Any comments on Hubb Profitsource please?
I am relatively new to share/CFD trading and was looking for some ways to improve my trading and found this software.
I also found their valuegain software as well.
Any comments on these products please? 
worth spending 10k for softwares+training?


----------



## sails (9 December 2008)

otagomed said:


> Any comments on Hubb Profitsource please?
> I am relatively new to share/CFD trading and was looking for some ways to improve my trading and found this software.
> I also found their valuegain software as well.
> Any comments on these products please?
> worth spending 10k for softwares+training?




Last time I looked at it, decided it was way too heavily overpriced - that's my opinion anyway.

A complaint I have heard is that it only runs with Hubb's data.  If deciding to go for a cheaper data source after the first 12 months is finished  with Hubb, you may find the software won't work anymore - anyway, something to ask Hubb and/or read the fine print before you buy.


----------



## Green2 (10 December 2008)

Profitsource will cost you about $4000 it is a good piece of gear if your into elliot waves this will do it, it allso has precomputed scans and a stack of stuff that would take to long to go into here. They allso have plugins optiongear and valuegain the all become one program but each one will allso cost about $4000 each or more.Then about $1000 ayear to registar.

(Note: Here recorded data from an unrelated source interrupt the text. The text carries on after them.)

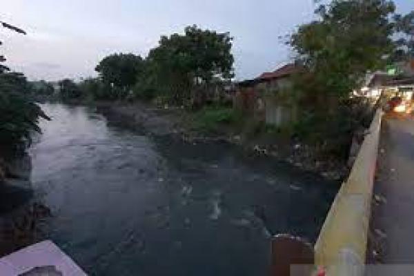 Sungai Cirarab yang melintasi Desa Pisangan Jaya, Kecamatan Sepatan, Kabupaten Tangerang, memunculkan aroma bau yang diduga berasal dari salah satu limbah pabrik oli di daerah itu. (foto: Antara)
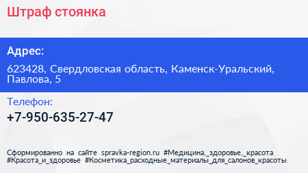 Штраф-стоянка по адресу 623428, Свердловская область, Каменск-Уральский, Павлова, 5 в дальнейшем Организация, размещена в следующих категориях:
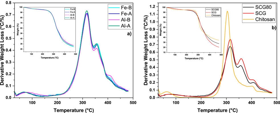 Thermogravimetric Analysis (TGA) graphs were the first graphs displays derivative weight loss. The second graph (b). Two graphs display derivative weight loss versus temperature. Graph (a) compares the thermogravimetry profiles of Fe-B, Fe-A, Al-B, and Al-A materials, showing peaks around 350°C. Inset shows corresponding weight loss curves. Graph (b) contrasts the temperature derivative thermogravimetry profiles of SCG80, SCG, and Chitosan, with a prominent peak near 300°C. The inset depicts their weight loss curves.
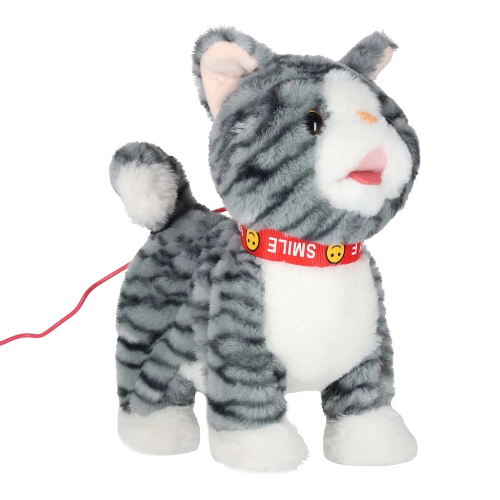 Door op de knop aan de riem te drukken, loopt de kat naar voren en speelt vrolijke liedjes af. Kinderen genieten zo van wandelingen met hun eigen “huisdier”, zowel binnen als buiten.
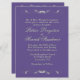 Silver scroll with matching text. This is a popular colour is called Ultraviolet and this solid simple look is nice for an evening or winter wedding. Put the first names of the Bride and Groom on one side giving your invitations a less formal feel. On the other side the pertinent wedding information adds a classic flair. You can easily change the text. If you need any help or would like something different please message me. I am available for requests. When doing your invitations triple check all your spelling and dates.
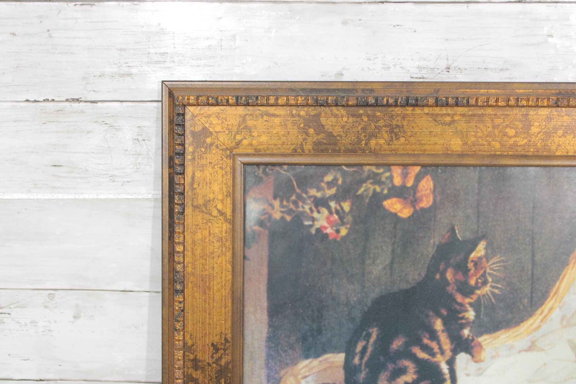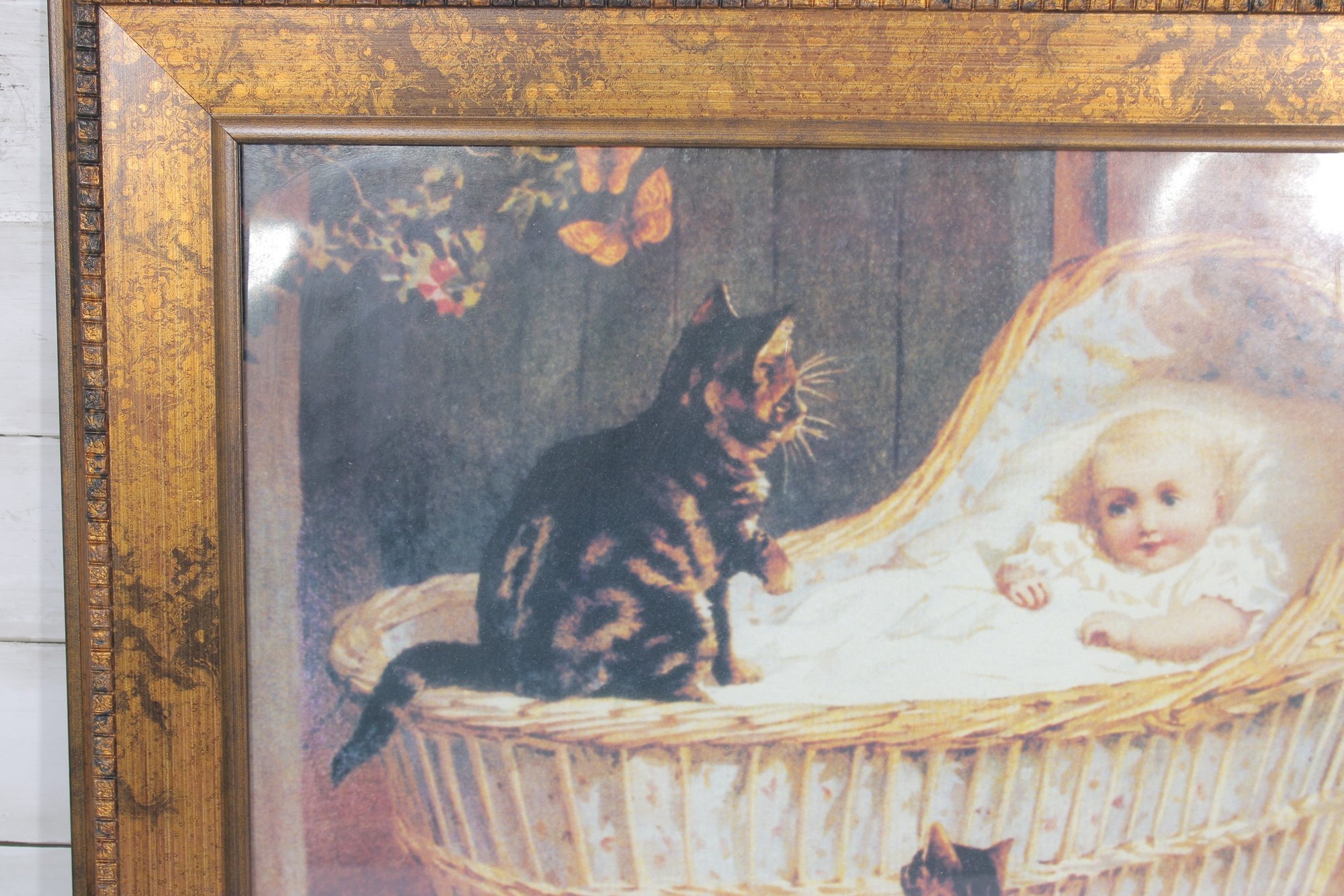 The artwork shows a smiling baby resting in a bassinet while two kittens curiously interact nearby. Soft florals and butterflies enhance the gentle, sentimental atmosphere of the scene. The print is housed in an ornate gold-tone frame with decorative detailing that complements the warmth of the artwork.
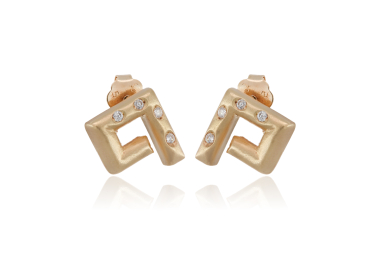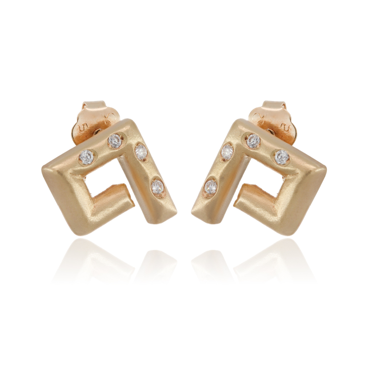 Γυναικεία σκουλαρίκια από χρυσό 14 καρατίων διακοσμημένα με διάφανα ζιργκόν , σε ματ φινίρισμα και κούμπωμα ασφαλείας.
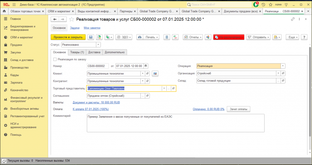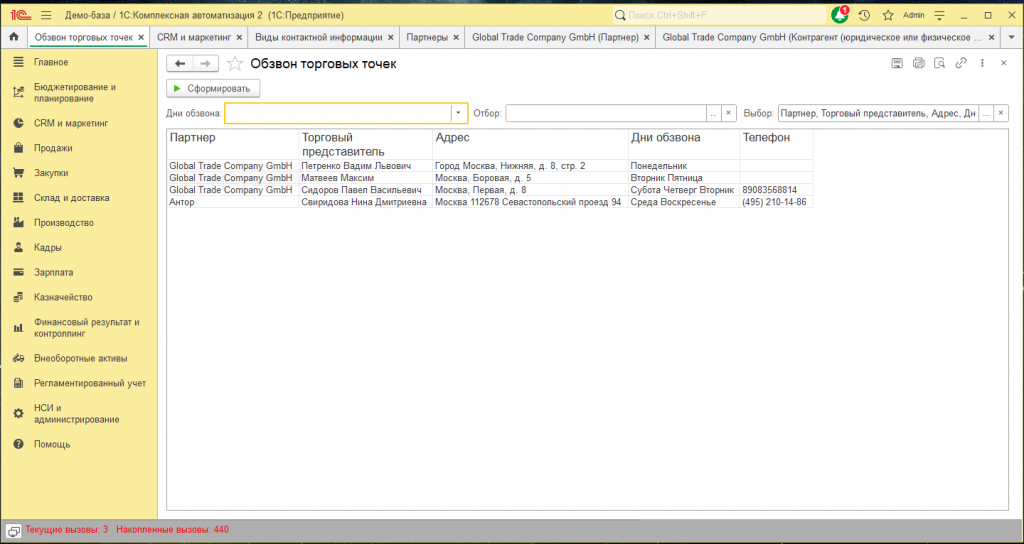 Расширение позволит добавлять контрагентам и партнером в адреса торговых представителей и дни обзвона, с помощью отчета можно контролировать, какой торговый представитель отвечает за торговую точку. В документе "Реализация товаров" добавлено поле "Торговый представитель" для использования в отчетах.
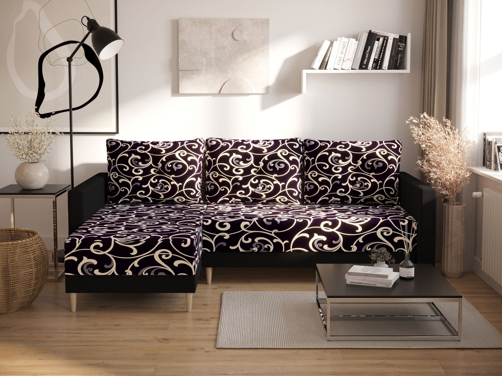 Rohová sedací souprava Glimmer L (černá + vícebarevné) (L)
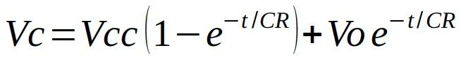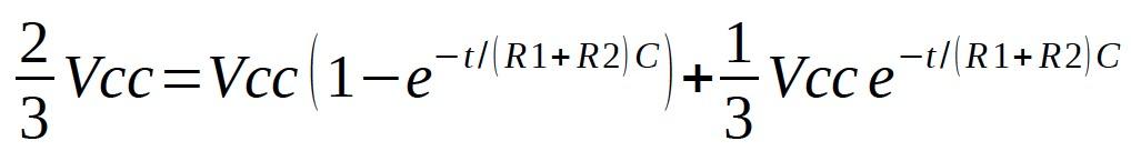 Die Periode (und damit die Frequenz) der Ausgangsspannung kann wie folgt berechnet werden. Unter der Annahme, dass die Anfangsbedingungen null sind, steigt die Spannung über einem Kondensator in einem RC-Kreis exponentiell an, wie durch die Gleichung gegeben: wobei Vc die Spannung über dem Kondensator und Vcc die angelegte Spannung ist. CR ist als Zeitkonstante des Schaltkreises bekannt. Mit t wird die Zeit bezeichnet. Im astabilen Schaltkreis ist die Anfangsspannung über dem Kondensator jedoch nicht null, sondern 1/3 Vcc. Die Gleichung, die die Spannung über dem Kondensator mit einer nicht-null-Anfangsbedingung beschreibt, lautet: wobei Vo die Anfangsspannung über dem Kondensator ist. Im astabilen Schaltkreis steigt die Spannung von 1/3 Vcc auf 2/3 Vcc. Die Gleichung für die Spannung über dem Kondensator reduziert sich dann zu:

I recon there must be a lot cheaper way.


----------



## tech/a (10 December 2008)

(1) If it was any good youd have people on forums raving about it.
(2) What guarentee if any do they give you if you produce trading statements from generated trades?
(3) Do they have audited statements of trading over a long period including now?
(4) Do they have any numbers on the method,Max D/D,String of losses,R/R etc?


----------



## KELBOY (14 May 2015)

otagomed said:


> Any comments on Hubb Profitsource please?
> I am relatively new to share/CFD trading and was looking for some ways to improve my trading and found this software.
> I also found their valuegain software as well.
> Any comments on these products please?
> worth spending 10k for softwares+training?





Hi otagomed,
Cannot recommend HUBB as a reliable supplier of data in any shape or form; they cut off my data feed when I wouldn't upgrade to a newer trading program for a cost of $1990.00. Once you enter into an agreement with these people they can change/upgrade their trading platform with little warning, and if you don't pay the extra fee, no more program.  Spiteful people, vindictive in their actions. I didn't want their new program, so they sent an "update" which removed the FREE program from my PC and prior to this they even cut me off from logging in to a website called Safety In the Market (started by David Bowden) but sold to HUBB, a helpful site in itself. I can however recommend Incredible Charts. Very good quality, with an excellent informative weekly newsletter from Colin Twiggs, included. You will find them with a basic search engine. Cheers, Kelboy


----------